* Dataset excerpts *
◆ ◆ ◆ ◆ ◆ ◆ ◆

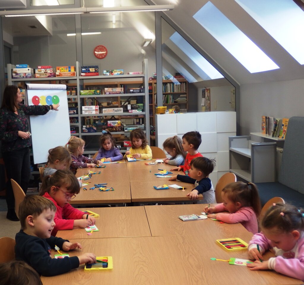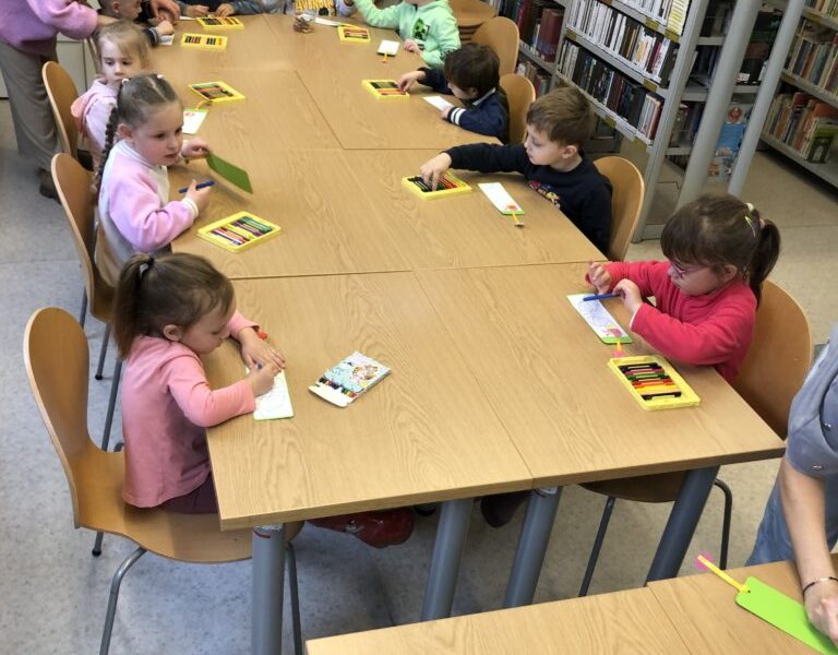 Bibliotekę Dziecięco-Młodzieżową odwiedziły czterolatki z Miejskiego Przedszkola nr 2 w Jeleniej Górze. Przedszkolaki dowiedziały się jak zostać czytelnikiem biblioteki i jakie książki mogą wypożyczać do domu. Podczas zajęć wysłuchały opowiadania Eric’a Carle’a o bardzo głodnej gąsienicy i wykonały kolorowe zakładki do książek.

◆ ◆ ◆ ◆ ◆ ◆ ◆

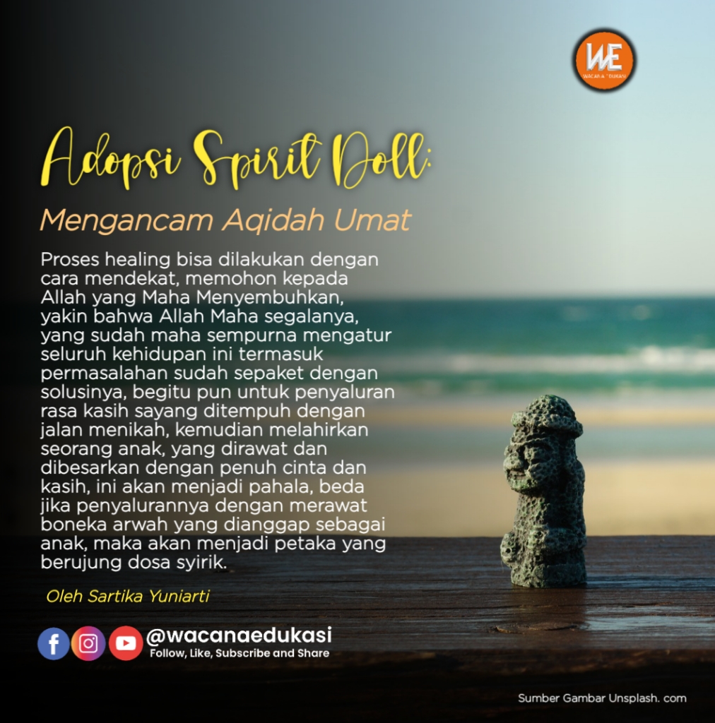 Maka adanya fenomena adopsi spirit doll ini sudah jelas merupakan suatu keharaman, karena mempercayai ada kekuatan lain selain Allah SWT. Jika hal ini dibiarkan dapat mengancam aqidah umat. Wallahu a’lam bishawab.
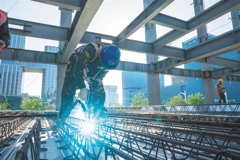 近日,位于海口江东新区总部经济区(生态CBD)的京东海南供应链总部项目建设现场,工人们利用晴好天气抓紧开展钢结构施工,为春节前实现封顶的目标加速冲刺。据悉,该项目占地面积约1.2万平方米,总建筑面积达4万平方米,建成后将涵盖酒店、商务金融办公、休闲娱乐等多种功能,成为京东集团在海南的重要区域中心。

◆ ◆ ◆ ◆ ◆ ◆ ◆

* Exercise aim *
Look through the material above. Transcribe exactly the lines between the ones with "Maka adanya fenomena" and "近日,位于海口江东新区总部经", inclusive, and keep pictures out.

* Exercise response *
 Maka adanya fenomena adopsi spirit doll ini sudah jelas merupakan suatu keharaman, karena mempercayai ada kekuatan lain selain Allah SWT. Jika hal ini dibiarkan dapat mengancam aqidah umat. Wallahu a’lam bishawab.
 近日,位于海口江东新区总部经济区(生态CBD)的京东海南供应链总部项目建设现场,工人们利用晴好天气抓紧开展钢结构施工,为春节前实现封顶的目标加速冲刺。据悉,该项目占地面积约1.2万平方米,总建筑面积达4万平方米,建成后将涵盖酒店、商务金融办公、休闲娱乐等多种功能,成为京东集团在海南的重要区域中心。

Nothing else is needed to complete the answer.